### [ACTIVITY]
The listing below begins with the first line you should copy; stop after the line containing "- Contemporary three", and drop every picture.

### [THE DATA]
══════

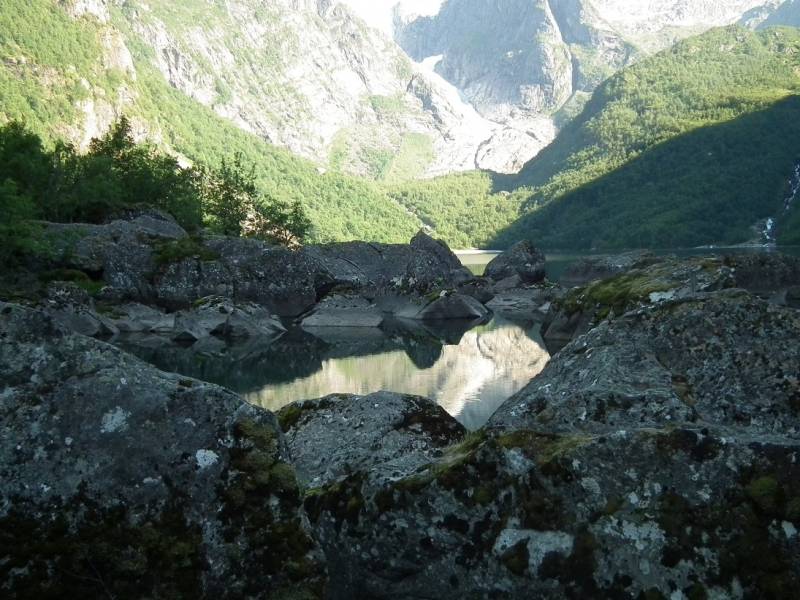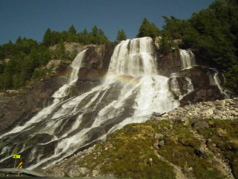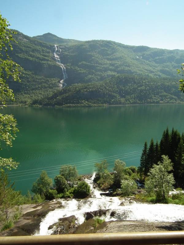 Żanetko, Nelu, Gosiu, Ewo Elu, Ino bardzo dziękuję Wam za wizytę i miłe słowa. Jesienny ogród czasami pięknie wyglądał zimowe dni takie jak teraz ze śniegiem też są ładne ale już z utęsknieniem oczekuję wiosny i lata. Pomalutku snuję wiosenne plany ale czy uda mi się coś zrealizować to czas pokaże, postaram się o nich też na bieżąco pisać. Na dzień dzisiejszy nie mam żadnych ogrodowych fotek, bo wcale ich nie robię ale kiedyś obiecałam że w zimie zdam relację z mojej wycieczki do Norwegii. Jak już pewnie pisałam mieszkaliśmy na kempingu w Oddzie. Kemping położony nad jeziorem Sandvinvatent pomiędzy Parkami Narodowymi Folgefonna i Hardangervidda. Zaś sama Odda to małe miasteczko nad fiordem. Ponieważ lądowaliśmy w Oslo to przez całą noc jechaliśmy do Oddy, tam odsypianie i pierwsze zwiedzanie miasteczka a wieczorem zrobiliśmy sobie krótką wycieczkę po górach obok kempingu
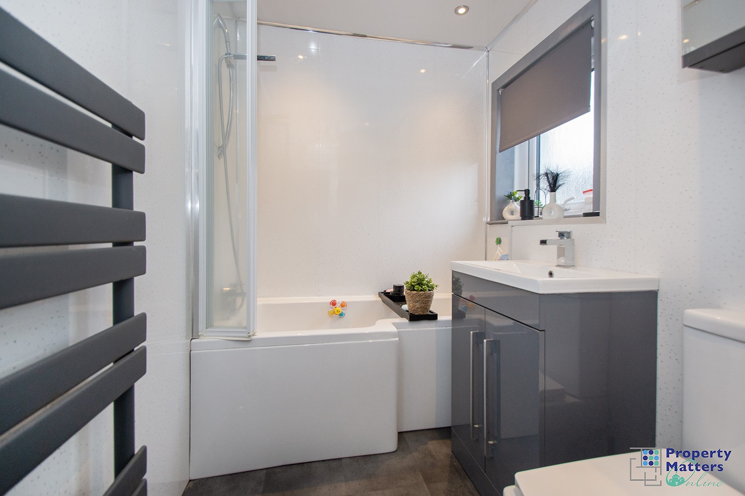 - Contemporary three piece family bathroom with thermostatic shower
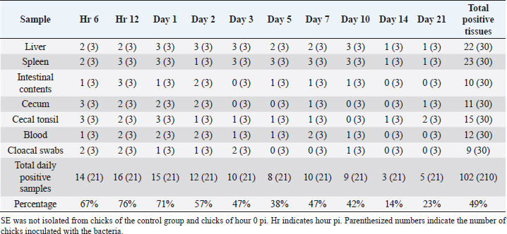Clinical signsIn the SE group, at hour 6 pi, one chick was affected with diarrhea, then diarrhea was observed in all chicks from hour 12 pi till the end of the experiment. From day 2 pi till the end of the experiment, the chicks were affected by inappetence. From day 3 pi till the end of the experiment, there was a sign of ruffled feathers. From day 5 pi till the end of the experiment, there was stunting. In the mortality group, all the chicks were affected with diarrhea from hour12 till the end of the experiment. From day 3 pi till the end of the experiment, there were inappetence, ruffled feathers, and stunting. No abnormal clinical signs were observed in the control group. Gross lesionsIn the SE group, at hours 6, 12 pi, and day 1 pi, gross lesions were not observed. From day 2 pi till the end of the experiment, mild airsacculitis and mild peritonitis were recorded in all chicks. Also, from day 2 pi until day 21 pi, congestion, in the liver and kidney, was observed in some chicks. One chick died on day 3 pi and another chick died on day 5 pi. Dead chicks were affected by dehydration. In the control group, no gross lesions were recorded. Bacterial isolationLiverIn the SE group, SE was isolated at hours 6, 12 pi from the liver tissues (33%). On days 1, 2, and 3 pi, it was isolated 100%. On days 5 and 7 pi, it was isolated at 33%. On day 10 pi, it was isolated 100%. On days 14 and 21 pi, it was isolated at 33% (Table 2). SpleenIn the SE group, SE was isolated at hour 6 pi (66%). At hour 12, days 1, 3, 5, 7, and 10 pi, it was isolated 100%. On days 2, 14, and 21 pi, it was isolated at 33% (Table 2). BloodIn the SE group, SE was isolated at hour 6 pi (33%). At hour 12 pi, it was isolated 66%. On days 1, 2, and 7 pi, it was isolated at 66%. On days 3, 5, and 10 pi, it was isolated at 33%. On days 14 and 21 pi, it was not isolated (Table 2). Mid-intestinal contentIn the SE group, SE was isolated at hour 6 pi (33%). At hour 12 pi, it was isolated 100%. On day 1 pi, it was isolated at 33%. On day 2 pi, it was isolated at 66%. On days 5, 7, and 10 pi, it was isolated at 33%. On day 3 pi, it was not isolated (Table 2). Cecal contentIn the SE group, SE was isolated at hour 6 pi (100%). At hour 12 pi, days 1 and 2 pi, it was isolated at 66%. On days 7 and 21 pi, it was isolated at 33%. It was not isolated on days 3, 5, 10, and 14 pi (Table 2). Cecal tonsilIn the SE group, SE was isolated at hour 6 pi (100%). At hour 12 pi, it was isolated 66%. On day 1 pi, it was isolated 100%. On days 2, 3, 5, 7, and 14 pi, it was isolated at 33%. On day 21 pi, it was isolated at 66% (Table 2). Cloacal swabIn the SE group, SE was isolated at hours 6 and 12 pi (66%). On days 1 and 2 pi, it was isolated at 33%. On day 3 pi, it was isolated at 66%. On day 10 pi, it was isolated at 33%. It was not isolated on days 14 and 21 pi (Table 2). Table 2. Isolation of SE from different tissues of chicks from hour 6 till day 21 pi.

══════

### [COMPLETED TASK]
 Żanetko, Nelu, Gosiu, Ewo Elu, Ino bardzo dziękuję Wam za wizytę i miłe słowa. Jesienny ogród czasami pięknie wyglądał zimowe dni takie jak teraz ze śniegiem też są ładne ale już z utęsknieniem oczekuję wiosny i lata. Pomalutku snuję wiosenne plany ale czy uda mi się coś zrealizować to czas pokaże, postaram się o nich też na bieżąco pisać. Na dzień dzisiejszy nie mam żadnych ogrodowych fotek, bo wcale ich nie robię ale kiedyś obiecałam że w zimie zdam relację z mojej wycieczki do Norwegii. Jak już pewnie pisałam mieszkaliśmy na kempingu w Oddzie. Kemping położony nad jeziorem Sandvinvatent pomiędzy Parkami Narodowymi Folgefonna i Hardangervidda. Zaś sama Odda to małe miasteczko nad fiordem. Ponieważ lądowaliśmy w Oslo to przez całą noc jechaliśmy do Oddy, tam odsypianie i pierwsze zwiedzanie miasteczka a wieczorem zrobiliśmy sobie krótką wycieczkę po górach obok kempingu
 - Contemporary three piece family bathroom with thermostatic shower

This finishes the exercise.